# Singstart! Cover.



## DarkWulf (13. Dezember 2005)

Jeder kennt doch sicherlich das das mega lustige Party spiel "singstar" und jeder von euch hat doch sicherlich schon das Cover gesehen. Ich wahr erstaunt und dachte mir entweder es wurde peer Hand gezwichnet oder ebend mit einem Grafik Program. Da Photoshop eine menge Sachen kann dachte ich mir das ich das villeicht auch mal versuche, nur bin ich kleglich daran gescheitert was beim suchen im Internet leider auch nicht anders .  

nun Stell ich hier mal die Frage ob jemand weis ob es vlt. einen Filter oder so etwas ähnliches gibt um solche Bilder hin zubekommen?!
Denn ich bin auch nicht gerade der PS-Crack sondern eher ein "normal" Benutzer.

hier nochmal eine Vorlage wie ich mir das in etwa vorstelle..
http://www.geekculture.dk/bedler/auto/1102629478singstar_party.jpg


----------



## da_Dj (13. Dezember 2005)

Kurz und schmerzlos, kein Filter und zu 99,9% auch kein Photoshop. Das ist ein Vektorbild, zwar mit Photoshop rudimentär auch hinzubiegen (Stichwort Pfadwerkzeug z.B.), aber für sowas sind Illustrator oder Macromedias Freehand eher geeignet. Wenn du nur PS zu Hand hast dann kannst du es mit dem Zeichenstift versuchen, wird aber eine Menge Arbeit und etwas Übung die du erstmal kriegen musst.

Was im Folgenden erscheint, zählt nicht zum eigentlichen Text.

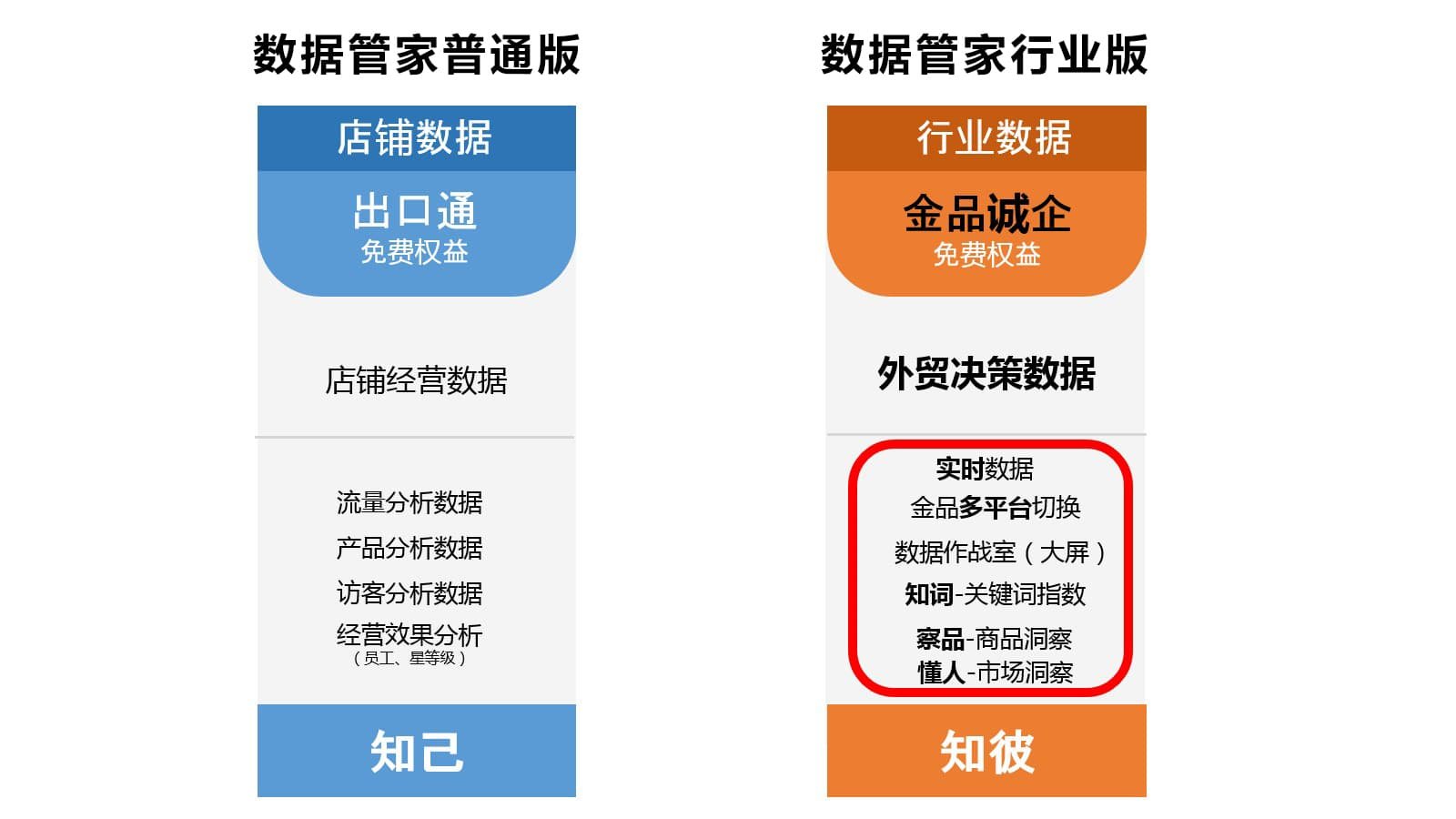 数据管家行业版由原数据管家企业版升级而来,除了具有普通版数据管家的基础功能外,还基于阿里巴巴国际站独有买家行为数据及行业数据洞察,重磅推出词、品、人3大核心功能,提供一站式选词、选品、洞察客户的数据服务,助力外贸订单起飞。

P.S.: Haha kniedel, schneller


----------



## metty (13. Dezember 2005)

Das ist ganz klar Vektorstyle.
Such da mal nach, gibt es tausend Sachen im Netz.

Aber mit Photoshop ist da nicht viel zu machen. Eher Illustrator oder Freehand!

Gruß, Matthias


----------



## metty (13. Dezember 2005)

Da war ich ein kleines bisschen zu spät, sorry da_DJ.


----------



## DarkWulf (13. Dezember 2005)

*hihi* thx!^^ 
ahh nu wo man den Namen weis findet man wirklich unmengen hilfen..  

thx nochmal *g*


----------



## oscarr (13. Dezember 2005)

Du kannst es auch locker mit PS machen. Ist nur eine Frage womit Du besser klarkommst. Hohe Auflösung ist hie Pflicht. Es gibt dann sehr viele Ebene bzw. Pfade. Mit guter Organisation (Ebenesets, nach Vorlage arbeteiten etc. ) ist das kein Problem. 

Auch wenn man von "Vektorstyle" spricht müssen es nicht immer Vektoren sein. Ich zb. habe zwar Freehand "gelernt" in der Schule würde aber mittlerweile sowas viel schneller in PS realisieren können. Auch wenn AI oder Freehand bessere Funktionen zum bearbeiten von Pfaden bieten sind sie nicht unbedingt Pflicht für sowas. Man kann auch nicht ausschliessen das dieses Bild nicht mit PS gemacht worden ist.


----------



## DarkWulf (13. Dezember 2005)

mhh naja ich muss dann wohl selbst herrausfidnen wie ich besser klarkomme.. 
 

trotzdem thx^^ nice|fixer support


----------